» Problem: In your copy of the entries below, keep every word exactly and leave out all images.

» Excerpted data:
-=-=-
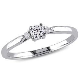 Julianna B 10K White Gold Created White Sapphire & Diamond Engagement Ring
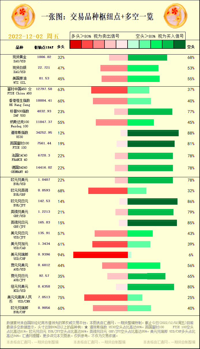 汇通财经APP讯——一张图:交易品种枢纽点+多空占比一览。截止今日(2022/12/02周五)目前最新多空数据显示,头寸达到80%及以上的品种有:★ 道琼斯指数 US30空头占比高达88%。英国富时1...
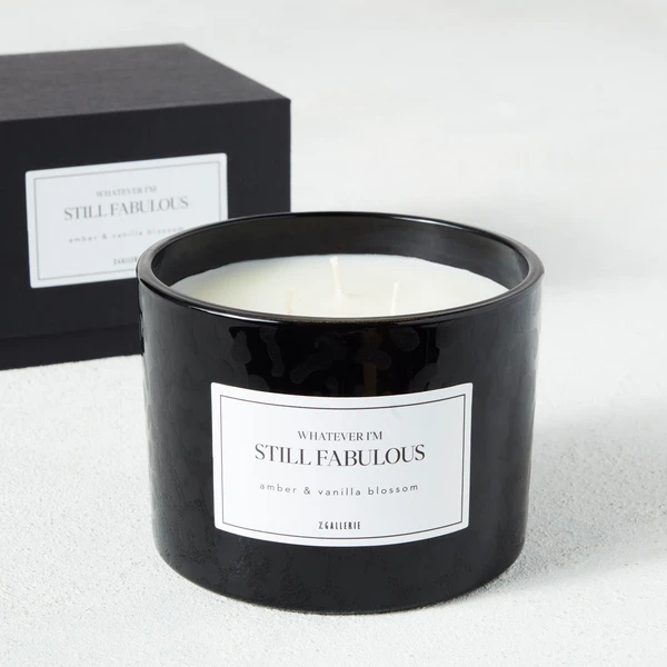 Presented in a black glass vessel with a tonal leopard print and sassy saying, this triple-wick candle features a warm amber and vanilla blossom scent and arrives in a handsome box, ready for gifting.
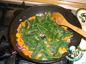 • затем фасоль, я нашла в морозилке и решила добавить, но можно и без нее
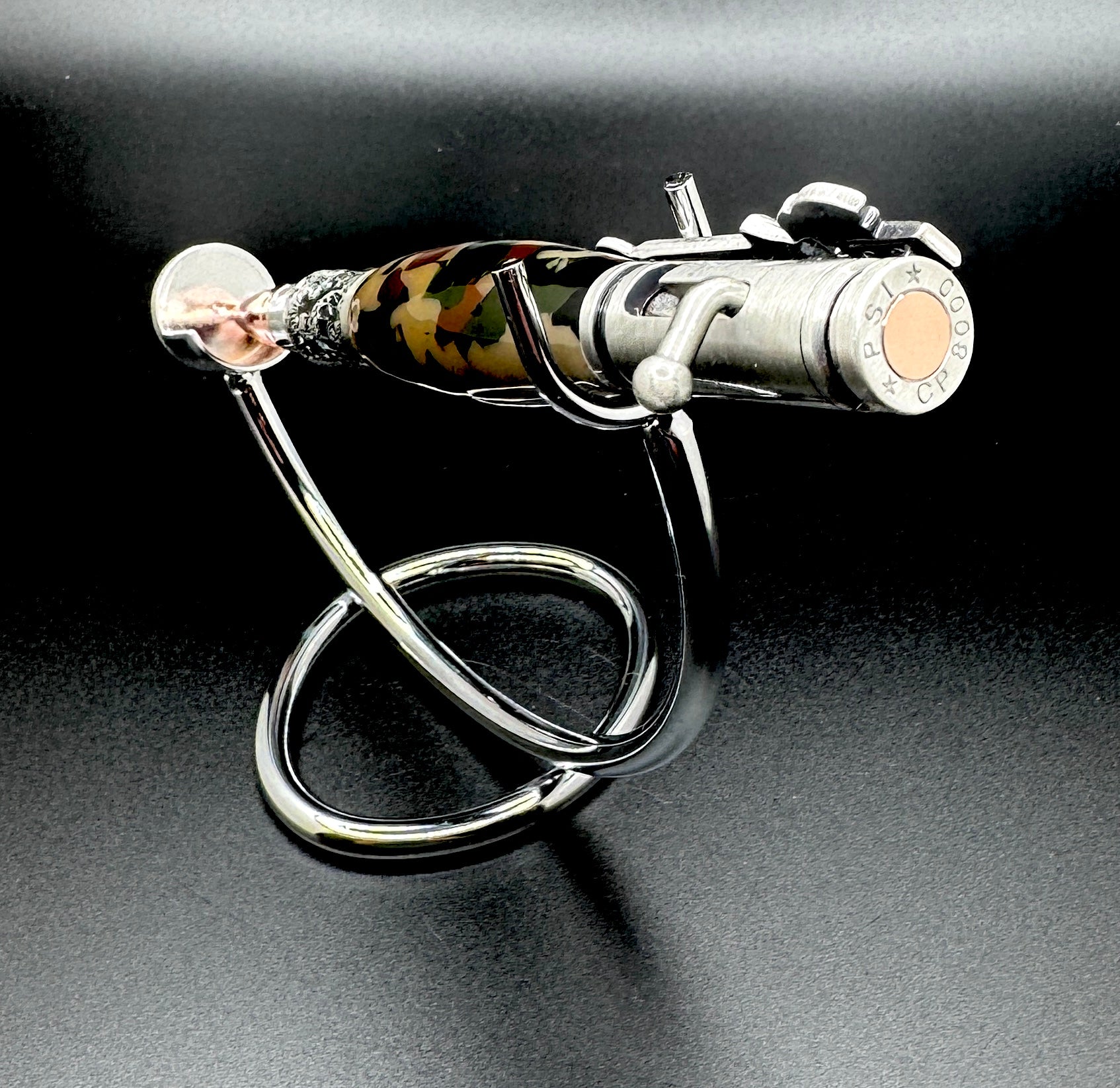 Pen tip features a relief cut scroll engraving of an authentic trophy deer mount.
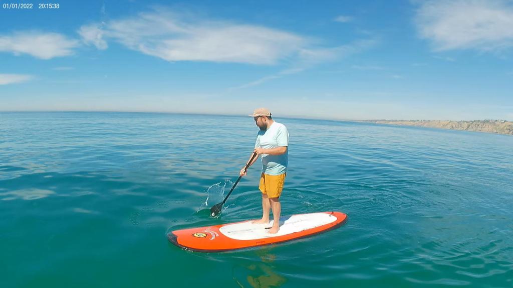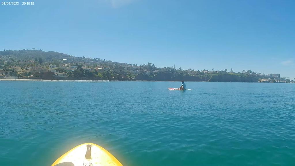 I am sharing a more close-up photo of my best wave from last month (photo by Cliff Schumacher). I also am sharing screen grabs from video of a nice SUP outing from last month. It was so warm that we jumped in the water to cool off!
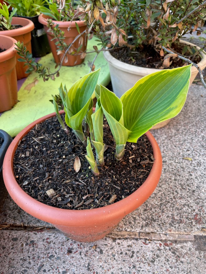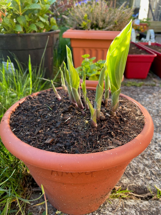4. A friend of my husband gifted us some hostas. I love them, I know they may end up as slug sacrifices but I still love them and hope they survive. I think I’m quite lucky that we have a major sparrow and blackbird population in the garden that seem to keep the slug situation under control so hopefully these guys will survive.
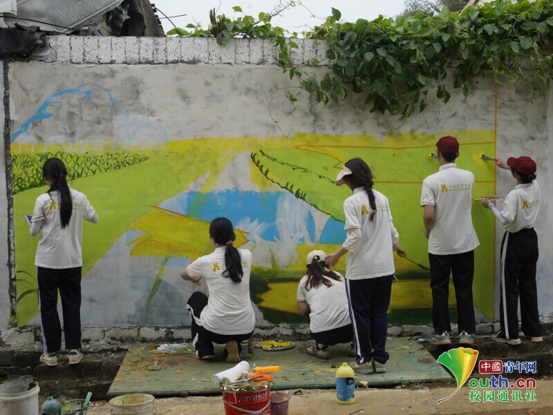 图为突击队员在为大雨冲刷过的墙绘补色。中国青年网通讯员 谢华锋 供图
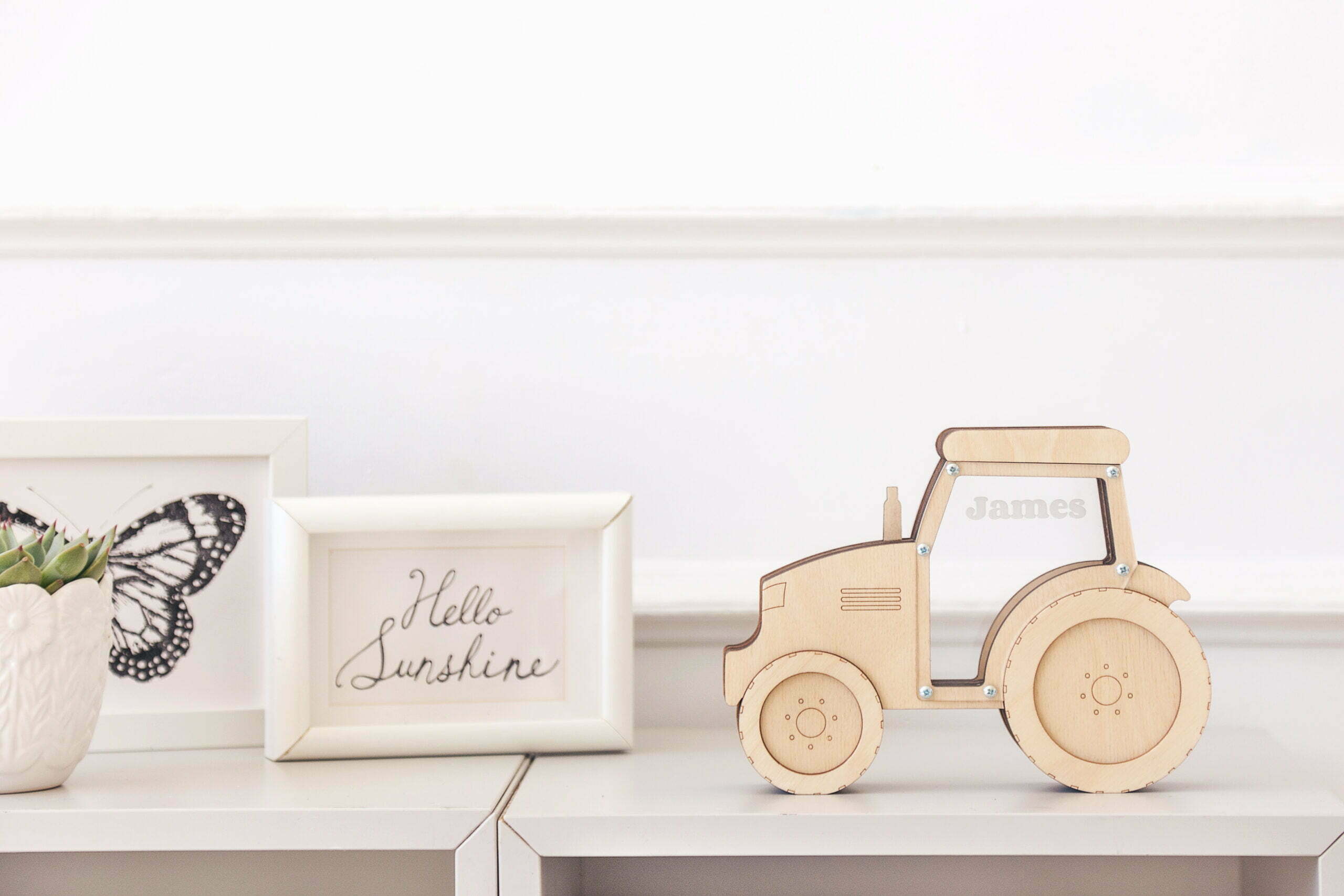 Medinė taupyklė traktorius – puiki dovanos idėja kiekvienam berniukui gimtadienio ar kita proga. Medinė taupyklė traktorius patiks ne tik vaikui, bet ir suaugusiam. Taupyklė taip pat tiks kaip kambario dekoro elementas.
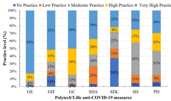 Figure 5 presents a synthesis of the students’ responses. It shows that the highest students’ commitment concerned hand sanitizers (4.29 ± 1.02) followed by distancing measures (3.54 ± 1.16), then surface disinfection (3.14 ± 1.43). The strong commitment (high to very high practice) ranged from 68% to 92%, 28% to 58%, and 42% to 53% for hand sanitizers, surfaces disinfection, and distancing measures, respectively. Distancing measures presented the highest number of students with “moderate practice”. On the other hand, surface disinfection had the highest number of students with “no practice”.
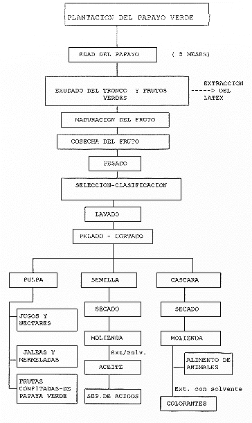 Para el aprovechamiento integral de la Papaya se seguirá el siguiente flujograma.
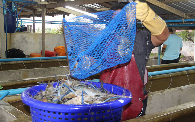 สำหรับกุ้งที่ฟาร์มเป็นการเลี้ยงกุ้งกรามเพศผู้ล้วน ไม่ได้เลี้ยงรวมตัวผู้ตัวเมีย ทำให้คุณภาพเนื้อแตกต่างกัน ความอร่อยก็ต่างกัน ต้องลองกินดูจะได้รู้ว่ากุ้งที่นี่แตกต่างจากที่อื่นขนาดไหน กล้ายืนยันในนามของนายกสมาคมผู้เพาะเลี้ยงสัตว์น้ำไทย ไม่ทำผู้บริโภคผิดหวัง
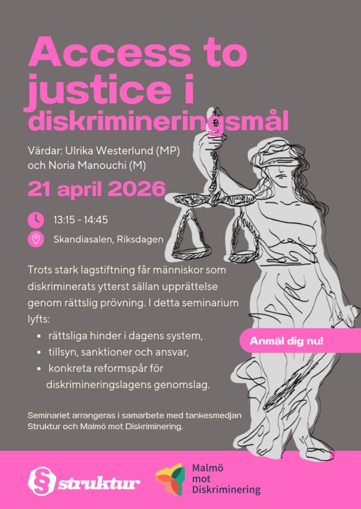 Tankesmedjan Struktur och Malmö mot Diskriminering arrangerar seminariet. Riksdagsledamöterna Ulrika Westerlund (MP) och Noria Manouchi (M) är värdar. Seminariet hålls i Skandiasalen mellan 13:15 och 14:45. På agendan finns rättsliga hinder i dagens system, tillsyn och ansvar samt förslag på reformer för att stärka diskrimineringslagens genomslag.
-=-=-
» Answer to this problem:
 Julianna B 10K White Gold Created White Sapphire & Diamond Engagement Ring
 汇通财经APP讯——一张图:交易品种枢纽点+多空占比一览。截止今日(2022/12/02周五)目前最新多空数据显示,头寸达到80%及以上的品种有:★ 道琼斯指数 US30空头占比高达88%。英国富时1...
 Presented in a black glass vessel with a tonal leopard print and sassy saying, this triple-wick candle features a warm amber and vanilla blossom scent and arrives in a handsome box, ready for gifting.
 • затем фасоль, я нашла в морозилке и решила добавить, но можно и без нее
 Pen tip features a relief cut scroll engraving of an authentic trophy deer mount.
 I am sharing a more close-up photo of my best wave from last month (photo by Cliff Schumacher). I also am sharing screen grabs from video of a nice SUP outing from last month. It was so warm that we jumped in the water to cool off!
4. A friend of my husband gifted us some hostas. I love them, I know they may end up as slug sacrifices but I still love them and hope they survive. I think I’m quite lucky that we have a major sparrow and blackbird population in the garden that seem to keep the slug situation under control so hopefully these guys will survive.
 图为突击队员在为大雨冲刷过的墙绘补色。中国青年网通讯员 谢华锋 供图
 Medinė taupyklė traktorius – puiki dovanos idėja kiekvienam berniukui gimtadienio ar kita proga. Medinė taupyklė traktorius patiks ne tik vaikui, bet ir suaugusiam. Taupyklė taip pat tiks kaip kambario dekoro elementas.
 Figure 5 presents a synthesis of the students’ responses. It shows that the highest students’ commitment concerned hand sanitizers (4.29 ± 1.02) followed by distancing measures (3.54 ± 1.16), then surface disinfection (3.14 ± 1.43). The strong commitment (high to very high practice) ranged from 68% to 92%, 28% to 58%, and 42% to 53% for hand sanitizers, surfaces disinfection, and distancing measures, respectively. Distancing measures presented the highest number of students with “moderate practice”. On the other hand, surface disinfection had the highest number of students with “no practice”.
 Para el aprovechamiento integral de la Papaya se seguirá el siguiente flujograma.
 สำหรับกุ้งที่ฟาร์มเป็นการเลี้ยงกุ้งกรามเพศผู้ล้วน ไม่ได้เลี้ยงรวมตัวผู้ตัวเมีย ทำให้คุณภาพเนื้อแตกต่างกัน ความอร่อยก็ต่างกัน ต้องลองกินดูจะได้รู้ว่ากุ้งที่นี่แตกต่างจากที่อื่นขนาดไหน กล้ายืนยันในนามของนายกสมาคมผู้เพาะเลี้ยงสัตว์น้ำไทย ไม่ทำผู้บริโภคผิดหวัง
 Tankesmedjan Struktur och Malmö mot Diskriminering arrangerar seminariet. Riksdagsledamöterna Ulrika Westerlund (MP) och Noria Manouchi (M) är värdar. Seminariet hålls i Skandiasalen mellan 13:15 och 14:45. På agendan finns rättsliga hinder i dagens system, tillsyn och ansvar samt förslag på reformer för att stärka diskrimineringslagens genomslag.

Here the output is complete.